Core data and derived annotations

The core of the generated data comprises the following components: (i) Genes and transcript data; (ii) introns/exons, polyA sites; (iii) isoform splice patterns, isoform transcript patterns, isoform peptide sequences; and (iii) alternative splice events, alternative polyadenylation events. Various value-added annotations are also generated, some of which are as described below.

Preservation of splice events across species

An important part of our pipeline is to generate evolutionary profiles of gene expression patterns. Methods based on the identification of conserved introns/exons and of conserved splice events [44] have been standardized to delineate pairs of human and mouse genes that are orthologous to each other. This data enables studies on evolutionary profiles of expression patterns.

Association with data on genetic variation (SNP, single nucleotide polymorphism)

We have developed methods (as documented in the ATD web pages) to delineate the allele specificity of observed alternative splice patterns.

Derivation of peptide sequences coded by isoform splices patterns

We have developed methods to delineate the amino acid sequence of the protein sequences encoded by the isoform splice patterns.

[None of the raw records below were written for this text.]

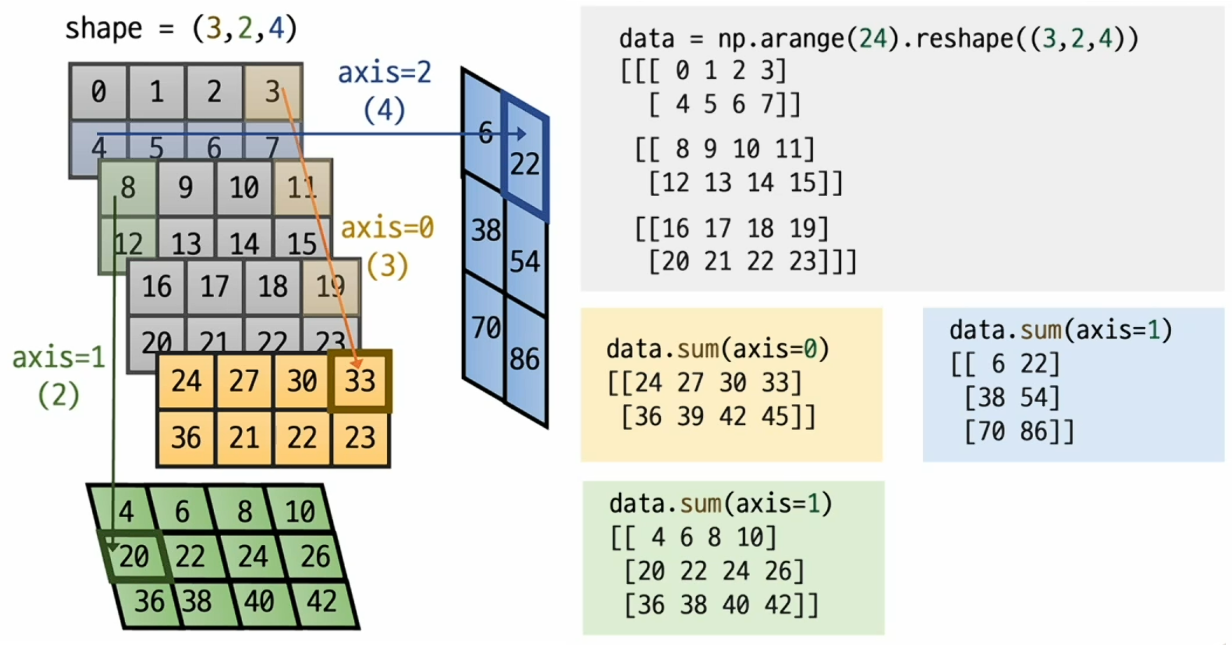 ndarray가 있을 때 갯수에 관계 없이 전체를 다 더하고 싶을 때 sum을 사용한다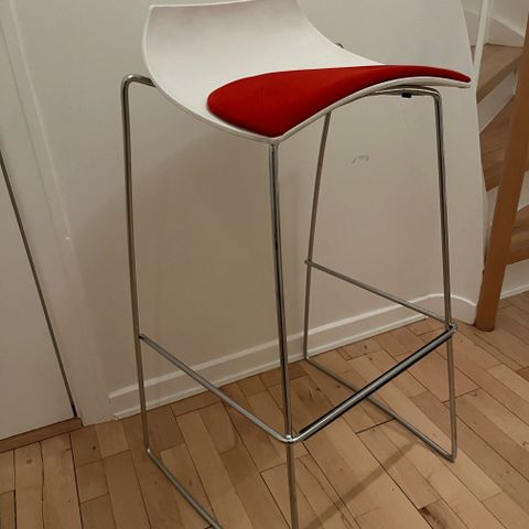 Klapstol i barstolshøjde med sæde og ryglæn i lyst træ og stel i grålakeret metal. Stolen kan foldes sammen for nem opbevaring og har fodstøtte foran.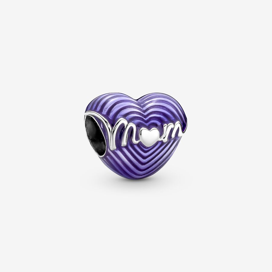 Add a pop of color to Mom’s bracelet with the Radiating Love Mum Heart Charm. This retro-looking piece features hand-applied transparent purple enamel on sterling silver to create the effect of expanding heart outlines. A symbol of Mom’s radiating love.

Data access and query interfaces

The data was generated as part of the European Project on Alternate Transcript Diversity (ATD). The data can be downloaded as flat files or queried through web interfaces. The web interface provides single-box query (where a user can search the database against a keyword or gene symbol or database cross-references) or a detailed query page that searches simultaneously both the human and mouse data or a query page that provides advanced searches to either human or mouse data.

Genes can be queried by chromosomal location, gene names and synonyms, protein keywords, and database cross-references [such as EMBL and UniProt accession numbers [36,45], HUGO gene symbols [46], Gene Ontology identifiers [47] and protein identifiers], types of splice events, types of polyA signal, number of observed polyA sites, and types of variations among isoform transcript patterns (a pair of isoform transcript patterns may differ only in splicing or only in polyadenylation or in both). Queries can be selectively restricted to specific sets of gene entries, such as set of human-mouse orthologous gene pairs or set of gene entries for which data on isoform peptide sequences is available.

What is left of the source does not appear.